▶ [RAW DATA]:
_ _ _ _ _

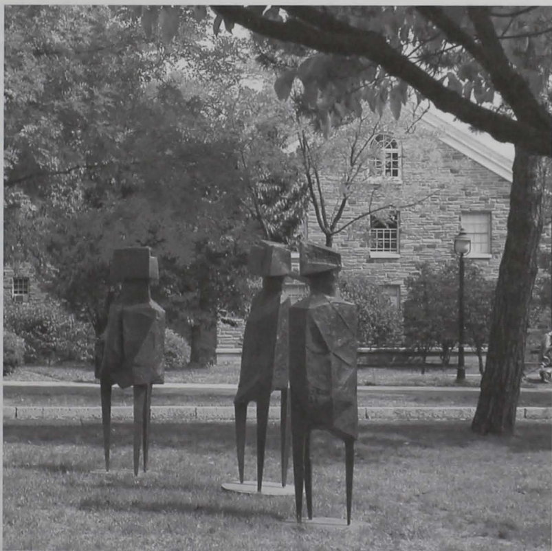
Additional work from the Outdoor Sculpture Collection at Ursinus College (The Watchers, 1960, artist: Lynn Chadwick).
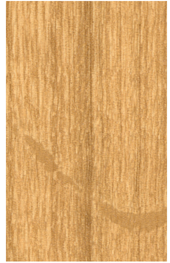
Rustic Oak Comfort WSMSC2805 WR340 / AM340 LRV 37
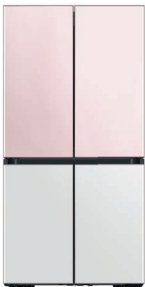
Glam Pink + Glam White

_ _ _ _ _

▶ [PROBLEM DETAILS]:
Every line above should be transcribed word for word; leave the pictures out.

▶ [RESULT]:
Additional work from the Outdoor Sculpture Collection at Ursinus College (The Watchers, 1960, artist: Lynn Chadwick).
Rustic Oak Comfort WSMSC2805 WR340 / AM340 LRV 37
Glam Pink + Glam White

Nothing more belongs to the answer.